Такимъ-образомъ видимъ, что, напечатавъ «Переписку съ друзьями», Гоголь мало-по-малу убѣдился въ безполезности и даже неосновательности этой книги, отъ которой онъ такъ много ожидалъ, пока она еще только готовилась къ печати. Это разочарованіе замѣтно и съ письмахъ его къ другимъ лицамъ, относящихся къ этому же времени.
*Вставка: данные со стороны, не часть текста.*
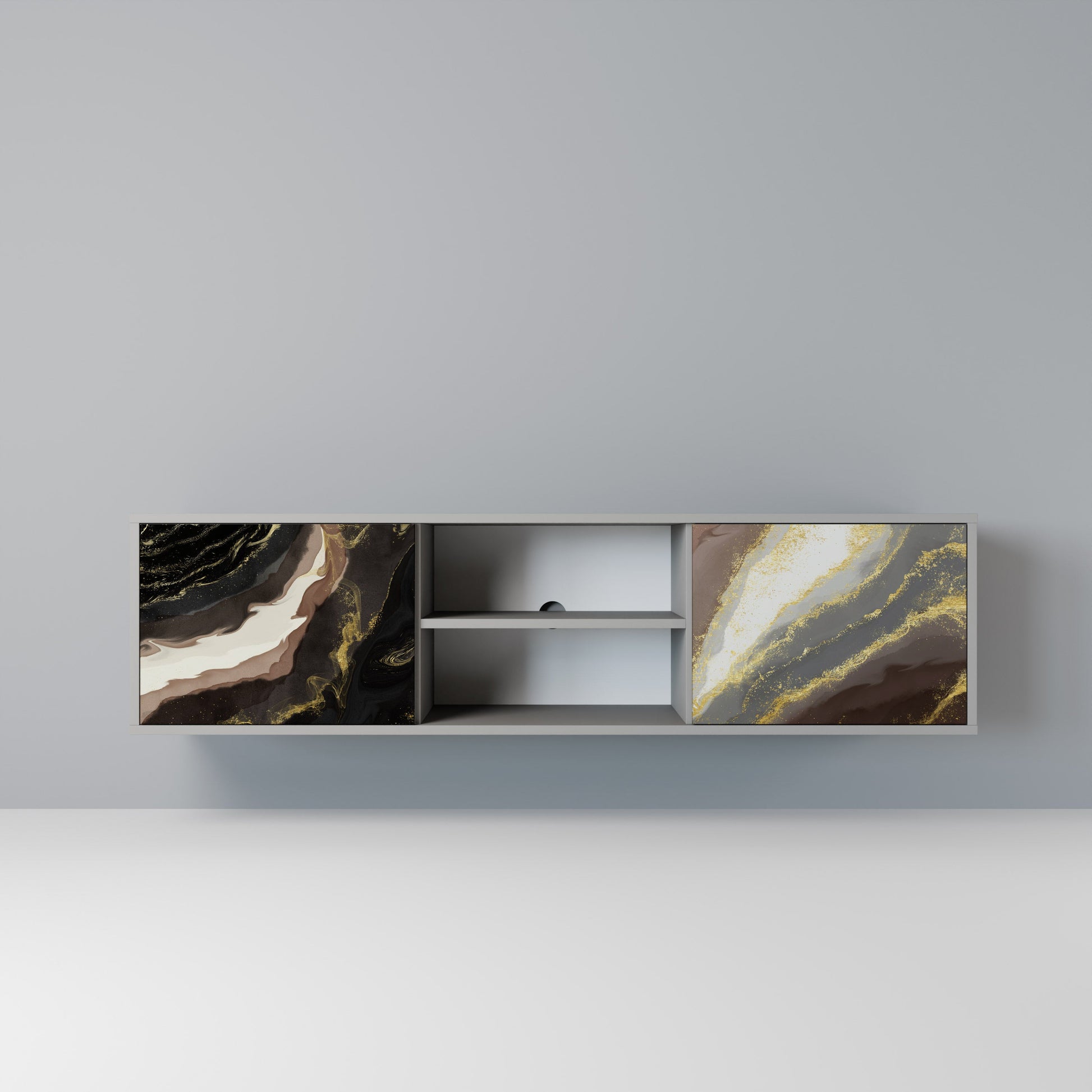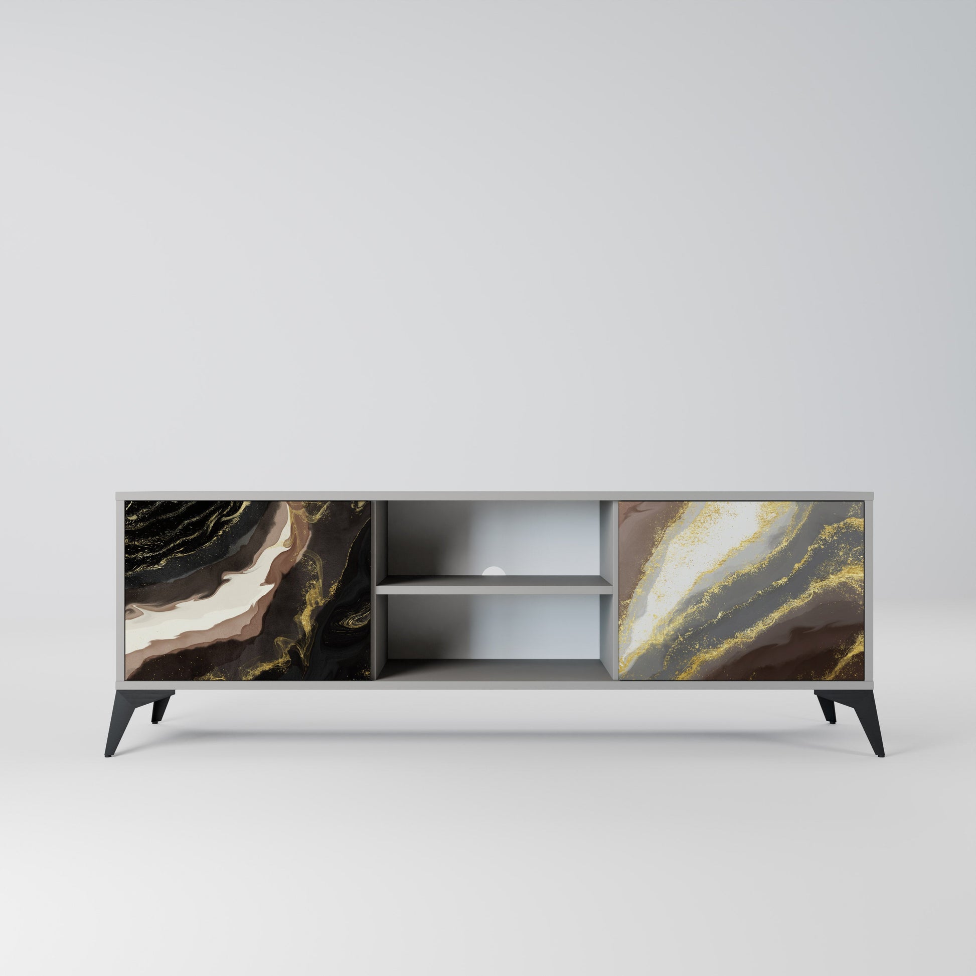 The grey body lends the TV stand a contemporary, refined look, while the fronts with an exceptional print capture attention, becoming the focal point of any room. The spacious interior provides room for electronic devices, cables, remotes, and other accessories, helping you maintain order and organization.

Такъ, въ письмѣ къ А. П. Плетневу отъ 22-го февраля 1817, онъ говоритъ уже совсѣмъ не въ томъ тонѣ объ этой книгѣ, въ какомъ говорилъ о ней прежде: «Мнѣ бы хотѣлось, чтобъ хотя два-три человѣка прочли мою книгу въ связи, всю сплошь. Это мнѣ очень нужно (NB. объ „общемъ добрѣ“ ужь нѣтъ рѣчи), что этими статьями я хотѣлъ не столько учить другихъ, но самому многому учиться, потому-что — говорю тебѣ не ложъ — мнѣ нужно слишкомъ-много набраться отъ умныхъ людей, чтобъ написать какъ слѣдуетъ мои „Мертвыя Души“, которыя, право, могутъ быть очень-нужная у насъ вещь и притомъ дѣльная вещь. Мнѣ нужно много практическихъ и положительныхъ свѣдѣній, которыя я думалъ вызвать этими статьями — именно затѣмъ, чтобъ быть такъ же ясну и просту въ „М. Д.“, какъ неясенъ и загадоченъ въ этой книгѣ моей. Нужно взять изъ нашей же земли людей, изъ нашего же собственнаго тѣла, такъ, чтобъ читатель почувствовалъ, что это именно взято изъ того самаго матеріала, изъ котораго и онъ самъ составленъ. Иначе не будутъ живы образы и не произведутъ благотворнаго дѣйствія». То же самое почти онъ повторяетъ и далѣе: «Увидать свѣтъ, эти статьи должны были только затѣмъ, чтобъ доставить мнѣ замѣчанія» («Зап.» II, 89 — 91).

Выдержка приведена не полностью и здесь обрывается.